The documents and objects are arranged according to thematic or historic criteria in 9 displays:
1. We must stop his brain from functioning for twenty years
2. From the cell in Turi, near Bari
3. The Sardinian language
4. Ghilarza, the area and the problems of emancipating Sardinian society.
5. Turin, the university, the working class
6. From The New Order to Unity
7. Dictatorship and arrest
8. Death
9. After Gramsci.
The first two displays are located in Room 6 of the House Museum, and the other seven are in Room 7.
In a third room (Room 8) – to give the visitor a sense of his domestic life and authentic family affection – a bedroom is arranged with some of the family’s furniture.

Due to her intense research and passionate work for the House Museum, the City of Ghilarza awarded Elsa Fubini honorary citizenship in 1986, delivered to her by art critic and former mayor of Rome Giulio Carlo Argan, during the observance of the 49th anniversary of Gramsci’s death.

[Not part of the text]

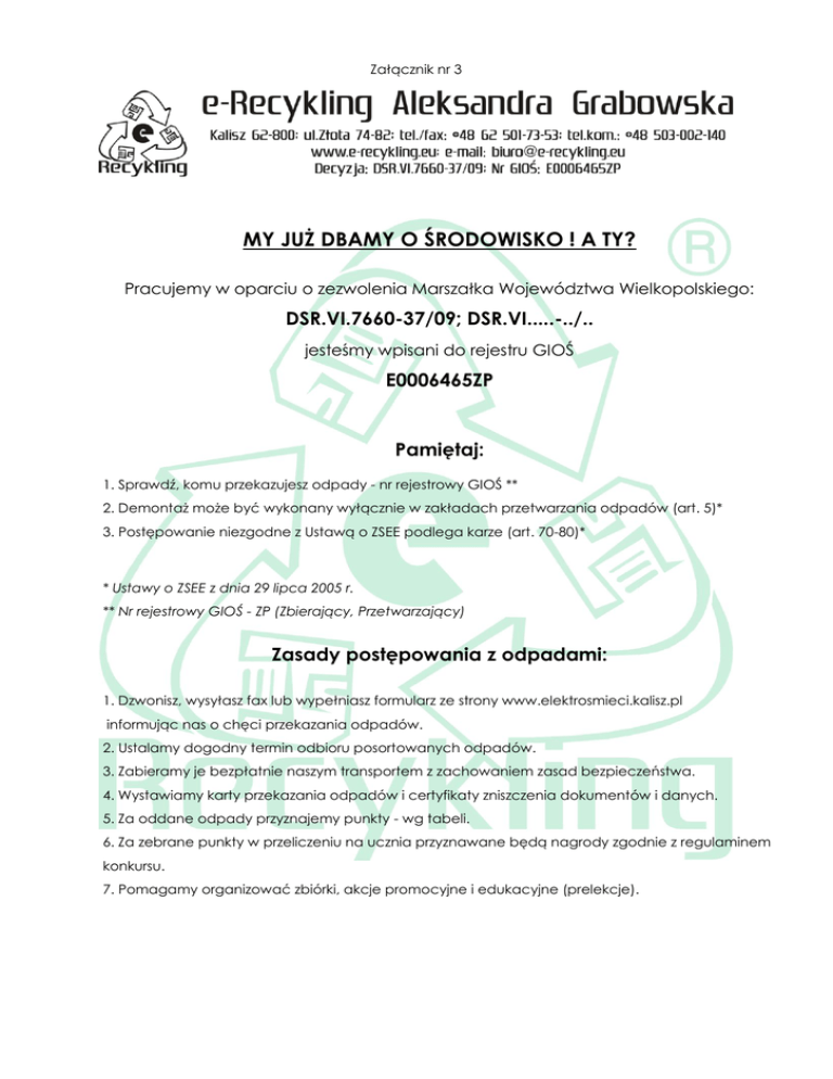 Załącznik nr 3 MY JUŻ DBAMY O ŚRODOWISKO ! A TY? Pracujemy w oparciu o zezwolenia Marszałka Województwa Wielkopolskiego: DSR.VI.7660-37/09; DSR.VI.....-../.. jesteśmy wpisani do rejestru GIOŚ E0006465ZP Pamiętaj: 1. Sprawdź, komu przekazujesz odpady - nr rejestrowy GIOŚ ** 2. Demontaż może być wykonany wyłącznie w zakładach przetwarzania odpadów (art. 5)* 3. Postępowanie niezgodne z Ustawą o ZSEE podlega karze (art. 70-80)* * Ustawy o ZSEE z dnia 29 lipca 2005 r. ** Nr rejestrowy GIOŚ - ZP (Zbierający, Przetwarzający) Zasady postępowania z odpadami: 1. Dzwonisz, wysyłasz fax lub wypełniasz formularz ze strony www.elektrosmieci.kalisz.pl informując nas o chęci przekazania odpadów. 2. Ustalamy dogodny termin odbioru posortowanych odpadów. 3. Zabieramy je bezpłatnie naszym transportem z zachowaniem zasad bezpieczeństwa. 4. Wystawiamy karty przekazania odpadów i certyfikaty zniszczenia dokumentów i danych. 5. Za oddane odpady przyznajemy punkty - wg tabeli. 6. Za zebrane punkty w przeliczeniu na ucznia przyznawane będą nagrody zgodnie z regulaminem konkursu. 7. Pomagamy organizować zbiórki, akcje promocyjne i edukacyjne (prelekcje). Załącznik nr 3 Podstawowa lista odbieranych odpadów – przelicznik punktów Lp. 1 2 3 4 5 6 7 8 9 10 11 12 13 14 15 16 17 18 19 20 21 Nazwa odpadu Jednostki komputerowe kompletne, Złom komputerowy - części komputerowe UPS, akumulatory Przewody i kable, Telefony komórkowe, Telefony elektroniczne i bez elektroniki, Radia, radioodbiorniki elektroniczne i bez elektroniki, Drukarki, skanery, kopiarki, ksero, modemy, maszyny do pisania, kasy fiskalne bez ups, Klawiatury, myszki , joistiki Monitory komputerowe i telewizory CRT kompletne Monitory i telewizory LCD kompletne Elektronarzędzia Świetlówki, lampy … Urządzenia chłodnicze, klimatyzatory Urządzenia AGD duże nie zawierające szkodliwych elementów (kuchenki, pralki, zmywarki...) Urządzenia AGD średnie (okapy, ekspresy, odkurzacze, mikrofale...) Urządzania AGD małe (czajniki, suszarki, miksery…) Płyty CD, DVD, Butelki plastikowe i nakrętki plastikowe Puszki i nakrętki aluminiowe Makulatura Kompletna lista odbieranych odpadów znajduje się na stronie www.e-recykling.eu, www.elektrosmieci.kalisz.pl Ilość punktów punkty/kg 80 40 40 50 70 20 10 30 10 10 40 20 10 20 30 30 20 20 20 40 20

The exhibit incorporates and is enlivened by hearing the oral accounts of more than forty men and women who knew Antonio Gramsci through his work, his political struggles and his human relationships. These include Teresina Gramsci Paulesu, Sandro Pertini, Umberto Terracini, Luigi Longo, Ignazio Silone and Lelio Basso.
These memories were collected by Gramsci’s niece, Mimma Paulesu Quercioli, in anticipation of the Museum’s preparation: So that the house does not become a museum in which the message to visitors is entrusted exclusively to documents, objects and iconographic material, we are seeking something more immediate and alive.

The layout of the Museum
The Museum’s layout is the work of Milan architect and designer Cini Boeri (1924), who organised the areas of the house to serve a dual function: the first floor was dedicated to a true exhibit area, the ground floor as a meeting place and reception area during official commemorations.

 

 

 

 

 

 

 

 
Cini Boeri designed the exhibit displays in wood and glass shown in Rooms 6 and 7, and the curved plexiglass wall at the entrance to the room where the bedroom is arranged (Room 8), as if to protect its intimacy. She also created the whole-wall panels with the photographic reproduction of Antonio Gramsci’s letter to his mother on 10 May 1928, on the ground floor in Room 1, and the giant poster with the picture of the prison cell in Turi, Bari (where Gramsci was confined from 19 July 1928 to 19 November 1933), located on the first floor in Room 6.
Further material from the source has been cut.